Knuth-Morris-Pratt vs. Boyer–Moore in LISP.
I’ve ‘implemented’ full (i.e. 3*N) Boyer–Moore substring search algorithm in LISP. But I was lazy to analyze the algorithm and essentially used what Wikipedia provides (with its unoptimized good-suffix-skip array calculation). Word ‘imlemented’ above is in quotes since I would not call this implementation, but just a transposing Wikipedia’s C code into LISP.

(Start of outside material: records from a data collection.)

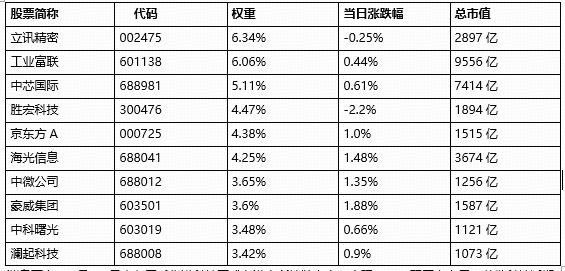 成份股方面,兆易创新涨停,蓝思科技、华勤技术涨超6%,立讯精密涨超5%,歌尔股份、北方华创等个股跟涨。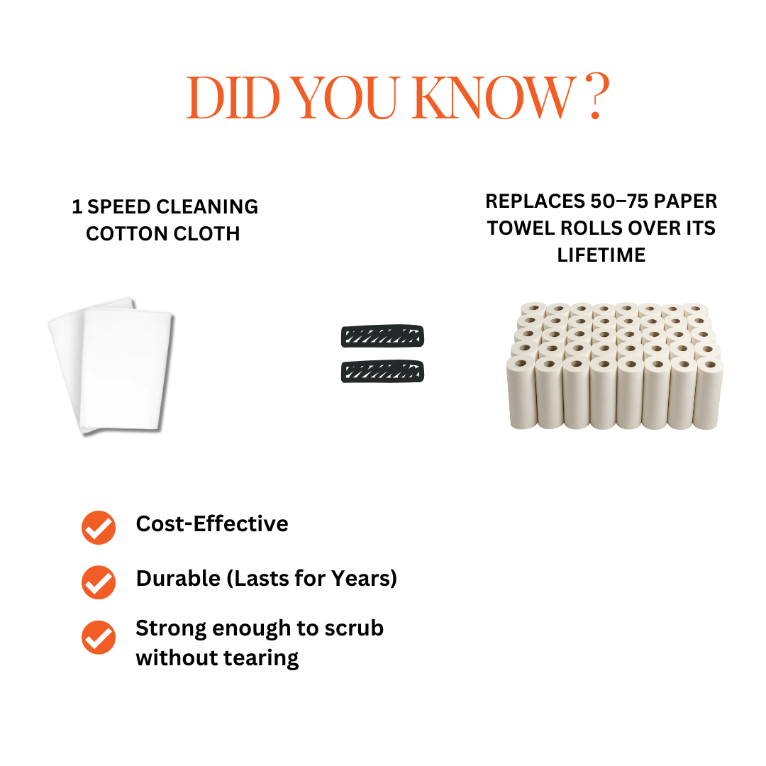 Every Speed Cleaning Cotton Cloth saves dozens of paper towel rolls from going to the landfill.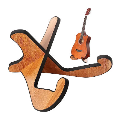 Transform your living space with this elegant single guitar rack. Easy to assemble (no screws) and sturdy too. Made of MDF and smooth wood-look veneer, rubber lined.
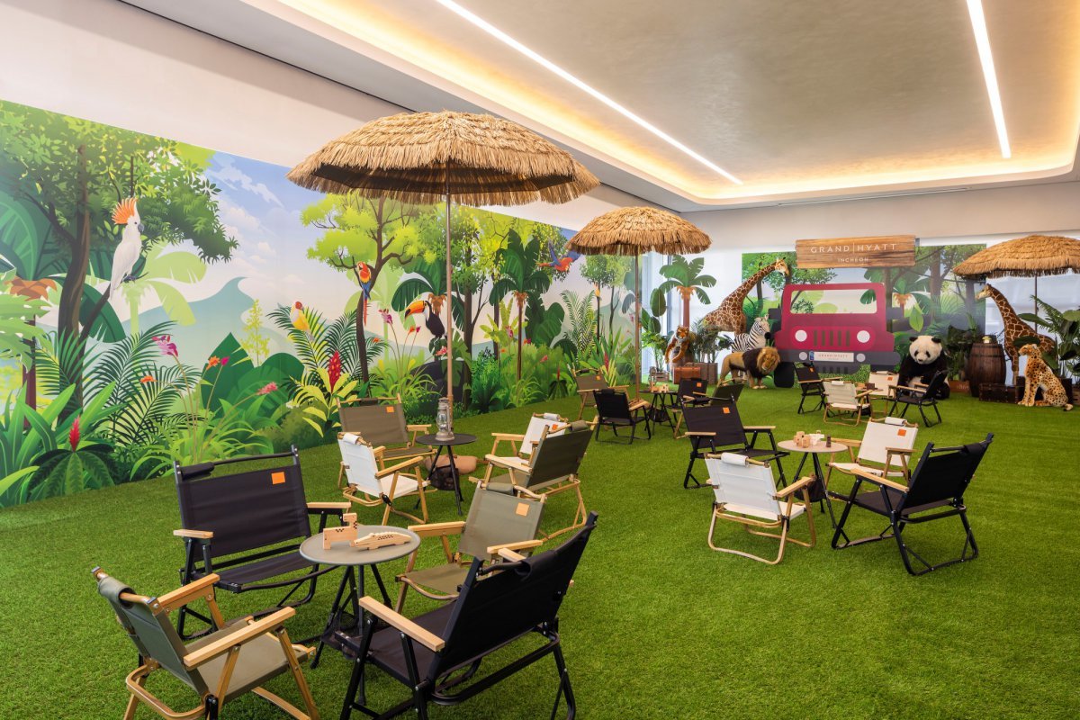 사파리 어드벤처 키즈 라운지는 이번 시즌에 처음 도입됐다. 사파리 콘셉트로 꾸며진 공간 안에는 포토존, 마그네틱월, 장난감 등 아이들이 직접 체험할 수 있는 콘텐츠가 가득하다. 보호자를 위한 야외 테이블과 의자 등 휴식 공간도 마련돼 온 가족이 함께 머무르기 좋다. 투숙객이면 누구나 무료로 이용할 수 있다.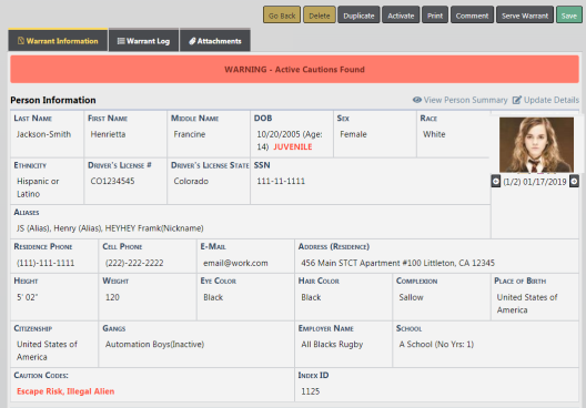 to open the Edit Person page. An Active Warrants Found message appears in red on the Person Details screen.

Both kmp-search and bm-search were compiled into lisp bytecode (using
(compile-file)) and also compared it agaist compiled naive search algorithm and default CLISP
(search) compiled into native machine code.
Knuth-Morris-Pratt vs. Boyer–Moore in LISP
Test generates 1000-chars string, and then randomly selects 1-to-50 characters substring and calls four different test functions to find out given substring in the generated string.
(get-internal-real-time) times for function calls are summed and next iteration starts. 1000 iterations were passed 10 times to get above graphs.
Boyer-Moore source code below. All sources can be found in the archive.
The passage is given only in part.